>>>>> "Jan" == Jan Harkes <[EMAIL PROTECTED]> writes:
Jan> In any case 'errorcode 198' is EINCOMPATIBLE. It is returned
Jan> when we're trying to write (store) data to a file that has
Jan> been modified, i.e. the store-id of the original copy on the
Jan> client doesn't match the store-id of the file on the server.
Jan> Your server log should show a message similar to,
Jan> CheckStoreSemantics: (0x7f00002a.0x76a.0x44d0), VCP error
Jan> (198)
Not quite; I see
CheckStoreSemantics: (1000015.76a.44d0), VCP error (198)
where 1000015 is the volume ID that corresponds to the 7f00002a
replica ID (or do I have that backwards?).
Jan> It could be that this has made reintegration more susceptible
Jan> to failures. This is just one theory, but
Jan> 'volutil setlogparms <volume replica id> reson 4'
Jan> will turn resolution back on.
Urk, I'll try again, but with
volutil setlogparms 0x7f00002a reson 4
I got disconnected and the server crashed. :-(
The log shows lots of stats from the server followed by
19:46:40 done
19:46:50 VAllocFid: volume disk uniquifier being extended
19:46:50 ****** FILE SERVER INTERRUPTED BY SIGNAL 11 ******
19:46:50 ****** Aborting outstanding transactions, stand by...
19:46:50 Uncommitted transactions: 0
19:46:50 Uncommitted transactions: 0
19:46:50 Becoming a zombie now ........
19:46:50 You may use gdb to attach to 389
Restarting the codasrv shows 47 "unreachable" log entries, and the log
ends
20:30:52 Entering DCC(0x1000013)
20:30:52 done: 3378 files/dirs, 101945 blocks
20:30:52 SalvageIndex: Vnode 0x9e4 has no inodeNumber
20:30:52 SalvageIndex: Creating an empty object for it
20:30:52 Entering DCC(0x1000015)
20:30:52 MarkLogEntries: loglist was NULL ... Not good
Uh-oh ... the server crashed right there. Now what do I do? It
doesn't look like I can get it to start at all!
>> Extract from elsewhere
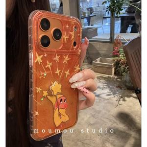 可爱细闪星星人立体旋转适用iPhone17promax苹果16手机壳15新款14

bash-2.05b$ cat /vice/srv/SrvErr
Assertion failed: 0, file "vol-salvage.cc", line 851
EXITING! Bye!
Why is inconsistent data for a single volume a fatal error? Couldn't
we just take that volume offline?
Jan> Another interesting fact is that the first entry in your CML
Jan> is a store. Perhaps the client got disconnected during the
Jan> connected store attempt, and this is essentially a replay of
Jan> an already committed operation.
I get that complaint from venus a lot on a (non-init) start after one
of these volume-specific write disconnects. This used to cause venus
to refuse to do anything with the volume involved, until the kernel
upgrade to 2.4.20. Now I can generally repair, begin INCOBJ,
discardalllocal, end, quit. However that volume is rather unstable
thereafter. I don't think I've ever successfully repaired one of
these conflicts.
And of course sometimes venus just refuses to admit that the conflict
exists when I ask, although the console shows it refusing to
reintegrate because of a conflict. Not even cvs ck always helps.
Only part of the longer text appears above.